Famille de saint Joseph Septembre 2009 

Homélie

Messe 

« Un jour de sabbat, Jésus traversait des champs de blé ». Ce verset ouvre un monde. Le monde juif, dont nous savons combien il est attaché à la pratique du sabbat. Nous avons en général bien en tête qu’Israël se perçoit comme le peuple élu. Mais il est aussi un temps qui est élu, un temps dont Israël a accepté la souveraineté : le sabbat. « Un sabbat pour le Seigneur » (Lv 23, 3), le jour où l’homme imite Dieu qui cesse son travail pour céder le pas à l’homme, le jour qui anticipe la rencontre décisive avec Dieu. C’est pourquoi Jésus dit que le Fils de l’homme en est le maître.
Si ce jour il est prescrit de ne pas manger de grain (Lv 23, 14), il est aussi prescrit que ce jour est pour Dieu et pour les autres, les hommes, le prochain (Dt 5, 14).
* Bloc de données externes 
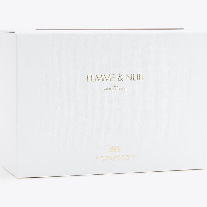 Склад: Набір містить два флакони об'ємом по 90 мл кожен. Опис ароматів: Femme: Квітковий аромат, що відкривається нотами франжипані, півонії та легким відтінком бергамоту. У серці відчуваються пудрові ноти орхідеї та геліотропа, які переходять у вершкову базу з ванілі, бобів тонка та білого мускусу. Nuit: Теплий, затишний та інтенсивний аромат. Він розкривається фруктовими нотами бергамоту та персика, за якими слідує елегантний букет з ірису та конвалії.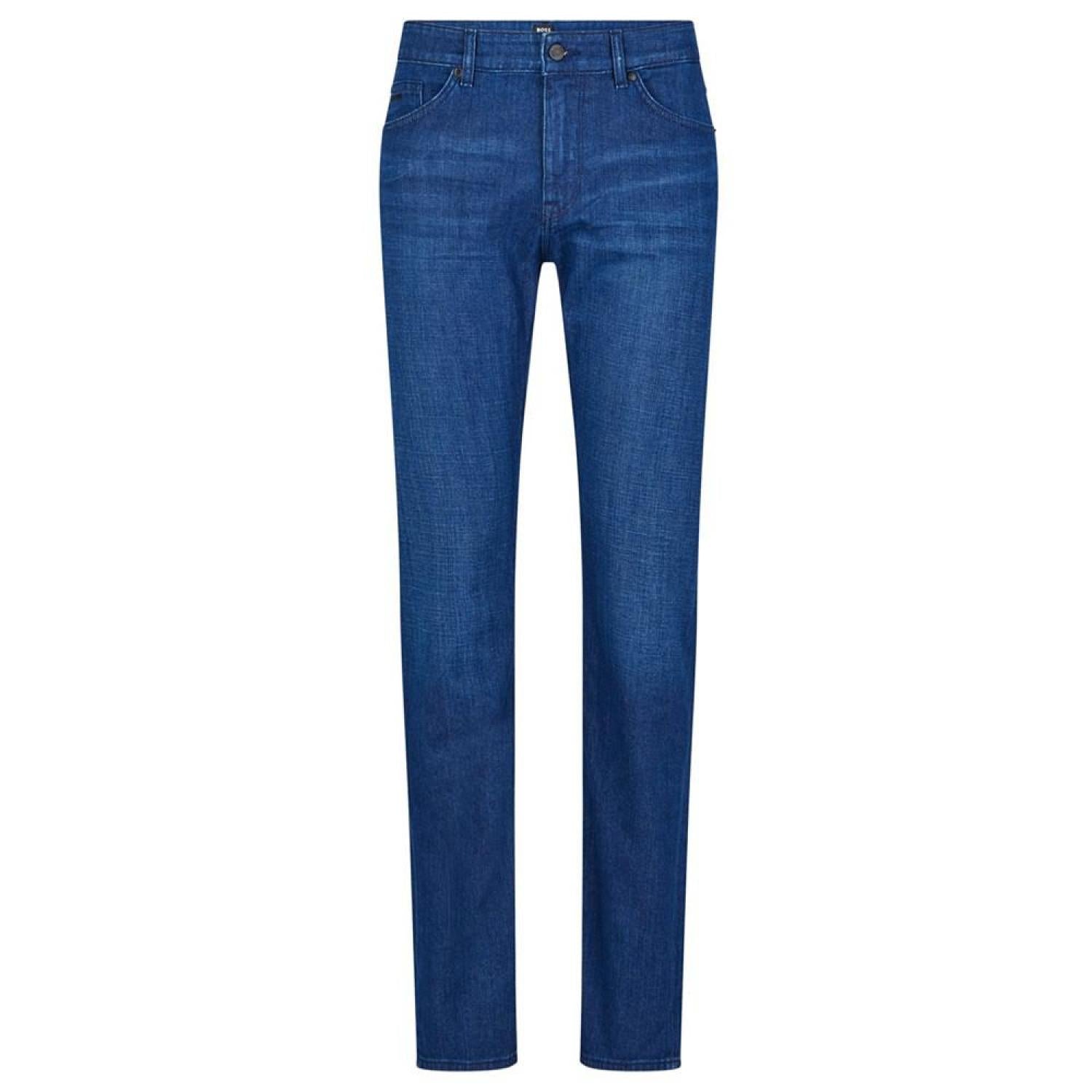 Casual jeans in a straight fit by BOSS menswear. These regular-rise jeans are designed in blue denim with a super-soft touch that feels like cashmere.

La Loi est une loi de liberté, elle n’est pas là pour asservir l’homme. C’est aussi pour cela que Jésus dit que le Fils de l’homme est le maître du sabbat.
Ainsi Jésus, le maître du sabbat traverse-t-il un champ de blé, c’est-à-dire le monde entier, qui porte en abondance les fruits de l’Église. Par l’exemple de David, Jésus nous enseigne que la nourriture jadis réservée aux prêtres peut désormais être mangée par tous, c’est-à-dire qu’il attend de chacun de nous de faire fructifier notre sacerdoce baptismal ; il attend de nous de nous offrir, chaque jour, en hosties vivantes et saintes, agréables à Dieu notre Père (1P 2, 5).